Cement is one of the most extensively used construction materials worldwide. In addition to being a building material, it can also be used as a binder in the stabilization/solidification of soil [1,2,3,4]. However, the highly energy-intensive and carbon-emitting production of cement has raised concerns [5]. Cement production accounts for around 5% of global CO₂ emissions [6]. Some research focuses on cement production [7], while others focus on reducing cement use. It is suggested that environmentally friendly “supplementary cementing materials” (SCMs) be used to replace part of the cement used to produce mortar. Recently, SCMs such as silica fume, fly ash, powdered granulated blast furnace slag, and natural pozzolans have been employed [8,9,10].

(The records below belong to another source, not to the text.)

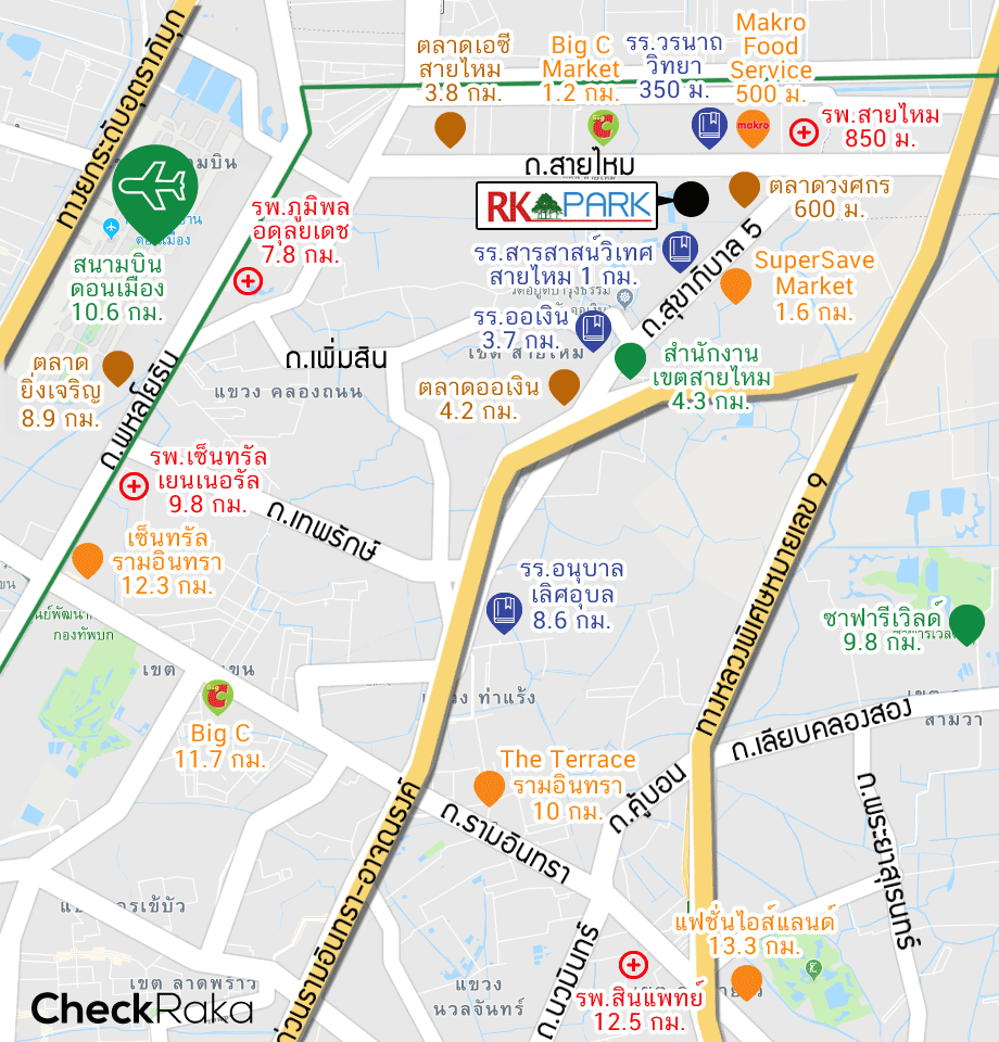 โครงการ อาร์เค พาร์ค วัชรพล - สายไหม (RK Park Watcharaphol - Saimai) ตั้งอยู่บนถนนสายไหม แขวงสายไหม เขตสายไหม กรุงเทพมหานคร 10220 โดยย่านสายไหมนี้ถือว่าเป็นย่านชุมชนยอดฮิตเลยทีเดียวค่ะ มีหมู่บ้านจัดสรรอยู่ย่านนี้หลากหลายโครงการ ทำให้สิ่งอำนวยความสะดวกบริเวณนี้ค่อนข้างจะครอบคลุมในทุกรอบด้าน มีทั้งโรงเรียนสารสาสน์วิเทศสายไหม ที่อยู่ติดกับโครงการเลยทีเดียว และมีตลาดล้อมรอบอยู่ทุกทิศทาง
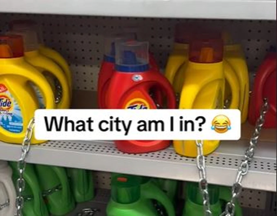 Naime, jedna američka prodavnica mešovite robe odlučila je lancima i katancima opasati boce deterdženata na policama kako bi sprečila ljude da ih ukradu.
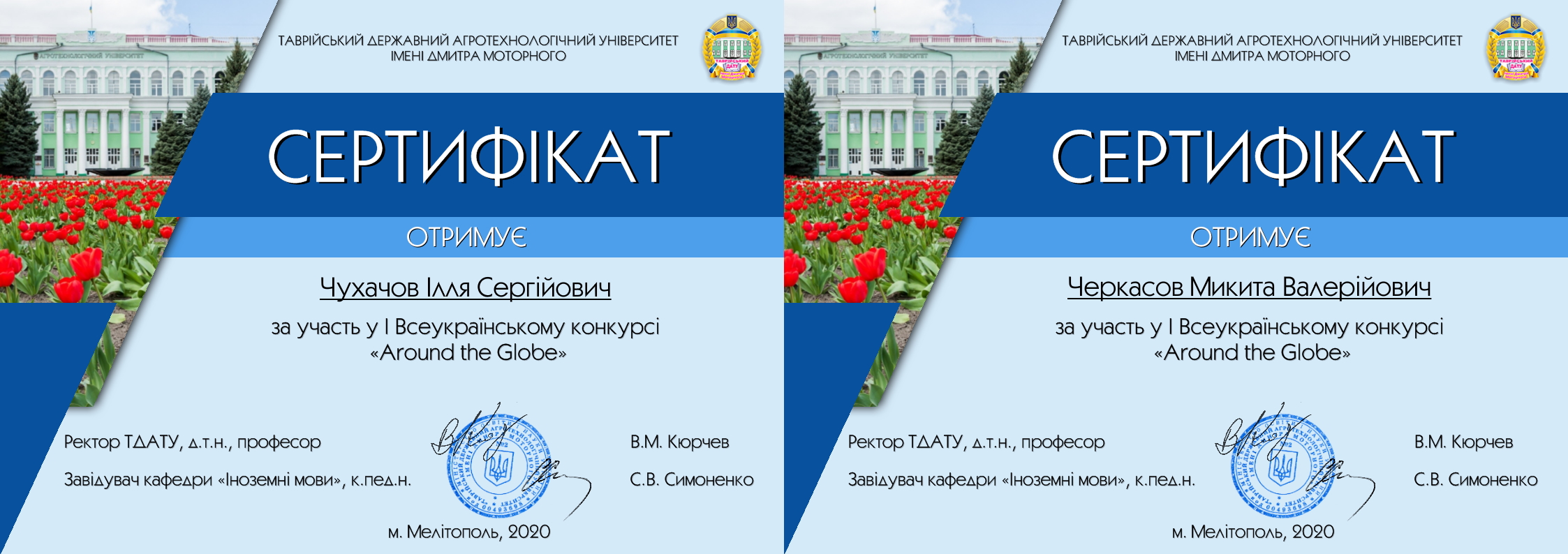 Вітаємо переможців І Всеукраїнського конкурсу «AROUND THE GLOBE»

Fly ash (FA) is a byproduct of coal-fired power stations burning pulverized coal to generate electricity [11,12]. FA has been used as a low-cost adsorbent [13]. A promising approach to improve the utilization of fly ash is to convert it into low-grade zeolites [14], which can be used in agriculture and many other fields [15]. In addition, because of its potential to increase the mechanics, impermeability, and durability of mortar and reduce carbon dioxide emissions, the use of FA in mortar has piqued interest in recent decades. The effect of FA on cement hydration and the pozzolanic reaction mechanism has been the subject of numerous investigations [16]. The unconfined compressive strength (UCS) of cement–fly ash mortar (CFAM) is contributed by the hydration reaction, packing effect, and pozzolanic reaction. The chemical composition of FA is widely acknowledged as one of the most critical parameters influencing CFAM performance [17]. Some research shows a high correlation between the CaO/SiO₂ ratio and the UCS of CFAM, (CaO + MgO + R₂O)/SiO₂ ratio, and UCS of CFAM [11]. There are two main types of FA according to the ASTM standard C 618 [18]. If the SiO₂ + Al₂O₃ + Fe₂O₃ content is more than 70 wt.%, this FA is classified as F fly ash. Meanwhile, FA is classified as C fly ash if it contains contents of between 50 and 70 wt.% of SiO₂ + Al₂O₃ + Fe₂O₃.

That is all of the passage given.